» SOURCE RECORDS
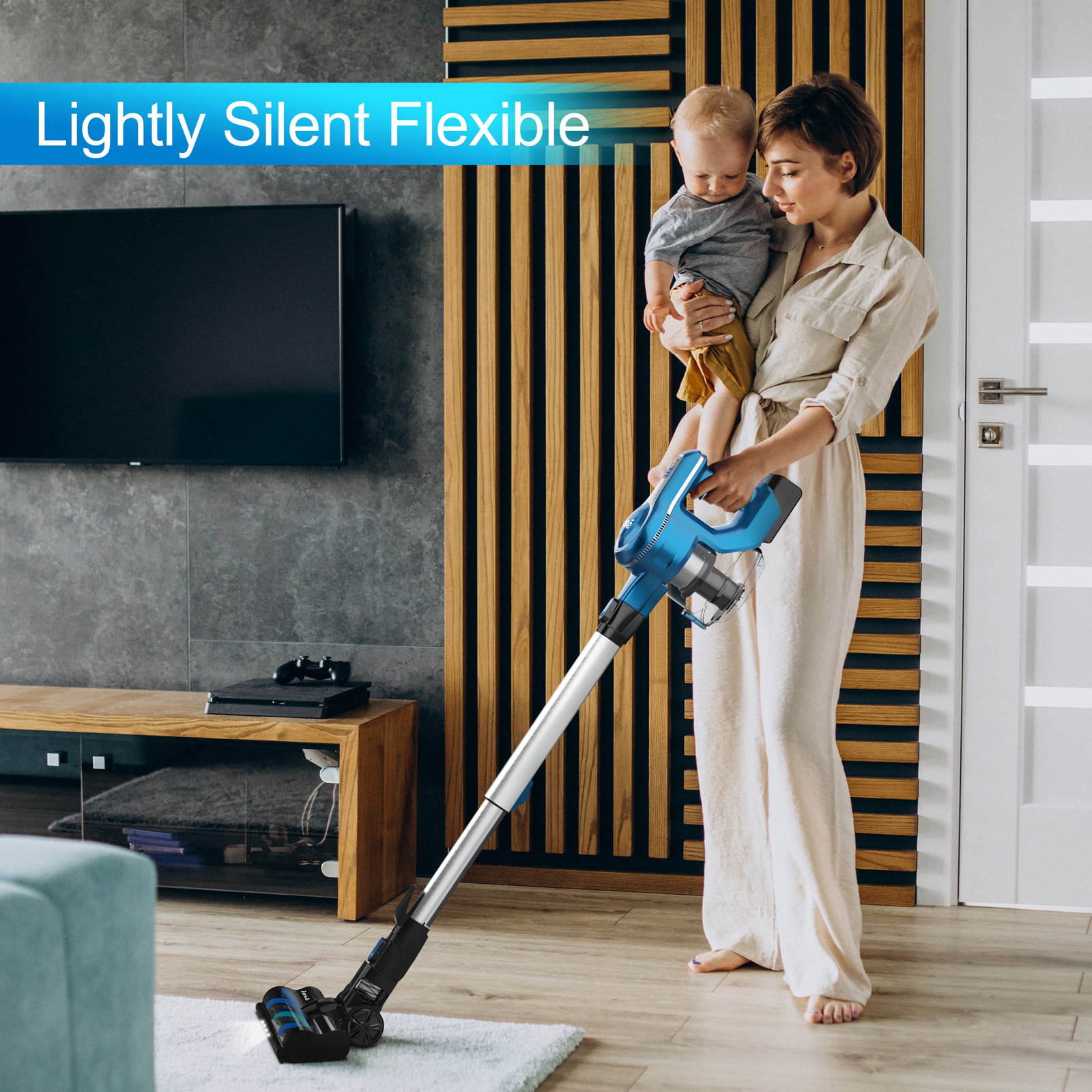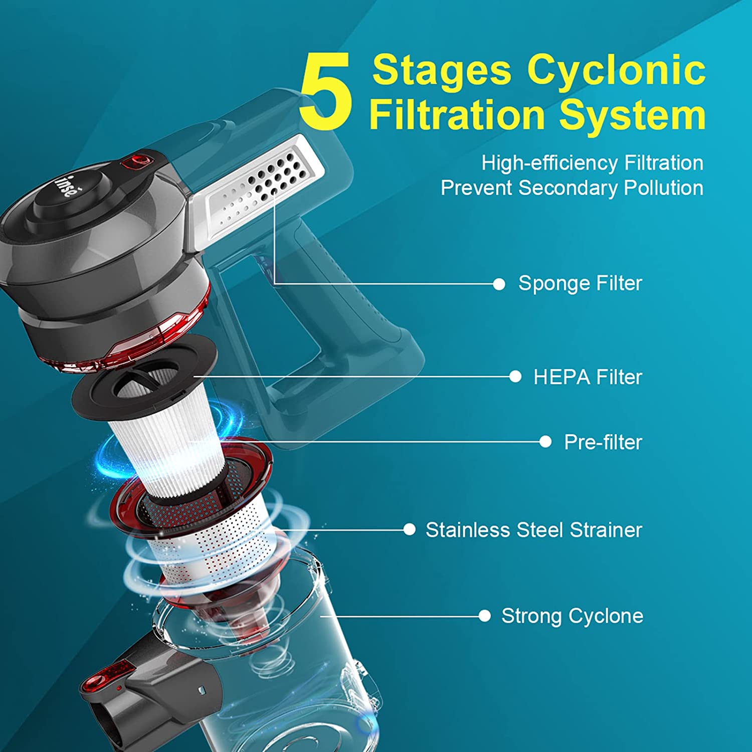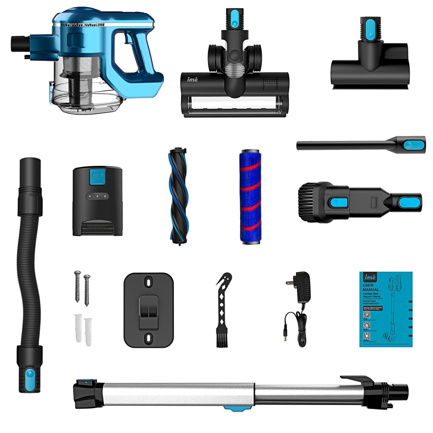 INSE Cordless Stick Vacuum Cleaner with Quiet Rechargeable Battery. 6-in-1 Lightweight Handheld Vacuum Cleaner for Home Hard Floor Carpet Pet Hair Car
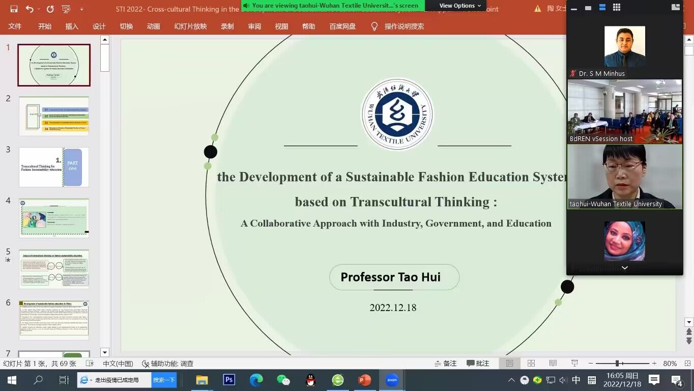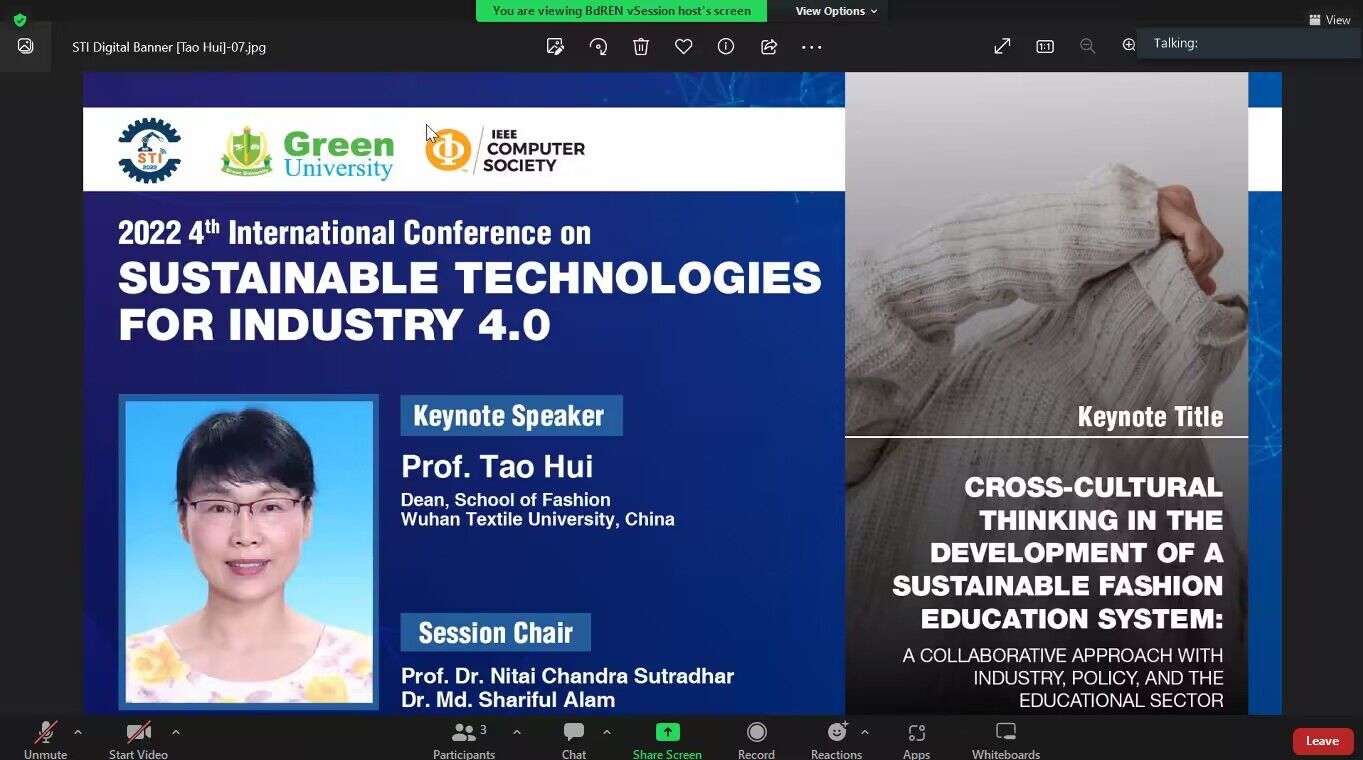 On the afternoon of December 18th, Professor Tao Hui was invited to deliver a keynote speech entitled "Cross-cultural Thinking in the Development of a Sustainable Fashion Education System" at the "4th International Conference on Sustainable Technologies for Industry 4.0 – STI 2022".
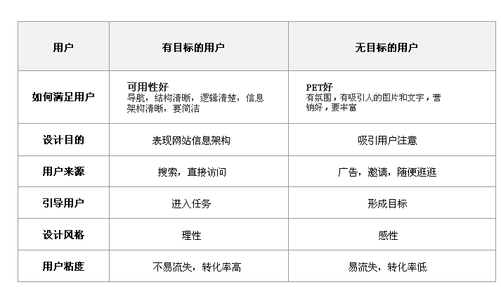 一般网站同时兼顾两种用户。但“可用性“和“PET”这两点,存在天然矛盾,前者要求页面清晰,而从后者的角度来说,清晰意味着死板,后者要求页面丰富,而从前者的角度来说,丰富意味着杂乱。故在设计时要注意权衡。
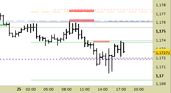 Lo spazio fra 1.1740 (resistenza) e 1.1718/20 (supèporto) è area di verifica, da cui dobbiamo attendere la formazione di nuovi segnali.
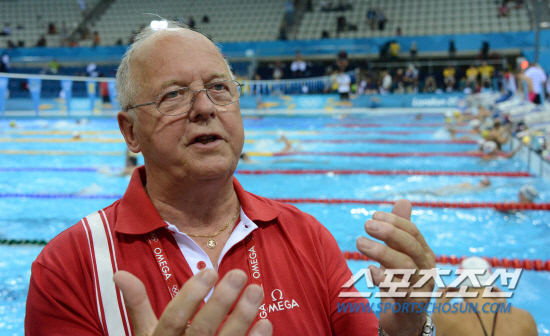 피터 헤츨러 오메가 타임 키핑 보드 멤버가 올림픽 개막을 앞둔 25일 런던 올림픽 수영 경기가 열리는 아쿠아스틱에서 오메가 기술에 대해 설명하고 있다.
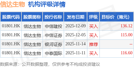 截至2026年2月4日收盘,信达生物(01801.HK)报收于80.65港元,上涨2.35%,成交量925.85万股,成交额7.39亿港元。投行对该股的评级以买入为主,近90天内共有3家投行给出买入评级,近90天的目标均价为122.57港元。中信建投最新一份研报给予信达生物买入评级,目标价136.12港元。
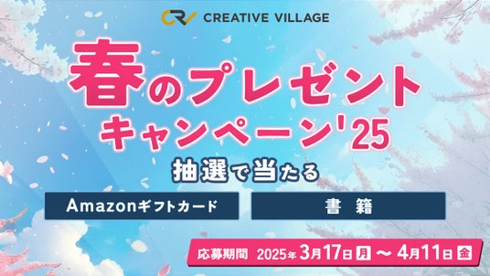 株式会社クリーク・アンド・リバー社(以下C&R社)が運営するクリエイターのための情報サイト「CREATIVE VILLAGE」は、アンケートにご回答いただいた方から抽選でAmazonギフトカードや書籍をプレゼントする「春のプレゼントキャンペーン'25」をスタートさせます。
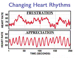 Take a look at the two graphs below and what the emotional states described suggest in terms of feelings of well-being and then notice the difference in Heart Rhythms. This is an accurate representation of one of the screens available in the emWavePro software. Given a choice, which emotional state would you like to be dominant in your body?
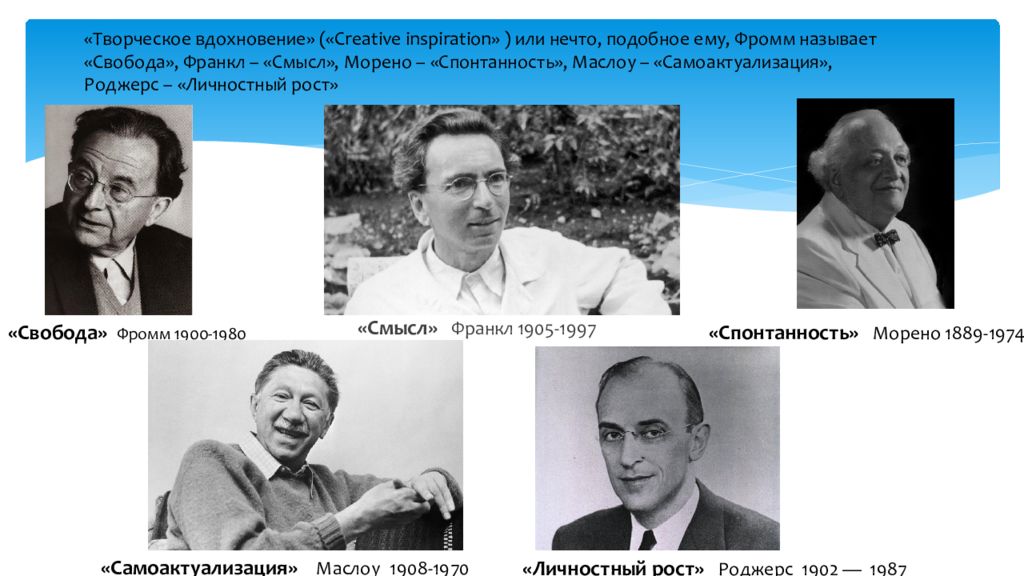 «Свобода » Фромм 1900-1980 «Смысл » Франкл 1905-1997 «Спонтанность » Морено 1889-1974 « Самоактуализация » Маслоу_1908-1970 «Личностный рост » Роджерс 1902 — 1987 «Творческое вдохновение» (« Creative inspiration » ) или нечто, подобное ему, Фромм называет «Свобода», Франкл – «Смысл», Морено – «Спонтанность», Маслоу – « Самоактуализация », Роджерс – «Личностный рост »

» WORK REQUEST
Set down exactly the lines between the line containing "피터 헤츨러 오메가 타임" and the end of the records above, both ends included; pictures stay out.

» OUTPUT
 피터 헤츨러 오메가 타임 키핑 보드 멤버가 올림픽 개막을 앞둔 25일 런던 올림픽 수영 경기가 열리는 아쿠아스틱에서 오메가 기술에 대해 설명하고 있다.
 截至2026年2月4日收盘,信达生物(01801.HK)报收于80.65港元,上涨2.35%,成交量925.85万股,成交额7.39亿港元。投行对该股的评级以买入为主,近90天内共有3家投行给出买入评级,近90天的目标均价为122.57港元。中信建投最新一份研报给予信达生物买入评级,目标价136.12港元。
 株式会社クリーク・アンド・リバー社(以下C&R社)が運営するクリエイターのための情報サイト「CREATIVE VILLAGE」は、アンケートにご回答いただいた方から抽選でAmazonギフトカードや書籍をプレゼントする「春のプレゼントキャンペーン'25」をスタートさせます。
 Take a look at the two graphs below and what the emotional states described suggest in terms of feelings of well-being and then notice the difference in Heart Rhythms. This is an accurate representation of one of the screens available in the emWavePro software. Given a choice, which emotional state would you like to be dominant in your body?
 «Свобода » Фромм 1900-1980 «Смысл » Франкл 1905-1997 «Спонтанность » Морено 1889-1974 « Самоактуализация » Маслоу_1908-1970 «Личностный рост » Роджерс 1902 — 1987 «Творческое вдохновение» (« Creative inspiration » ) или нечто, подобное ему, Фромм называет «Свобода», Франкл – «Смысл», Морено – «Спонтанность», Маслоу – « Самоактуализация », Роджерс – «Личностный рост »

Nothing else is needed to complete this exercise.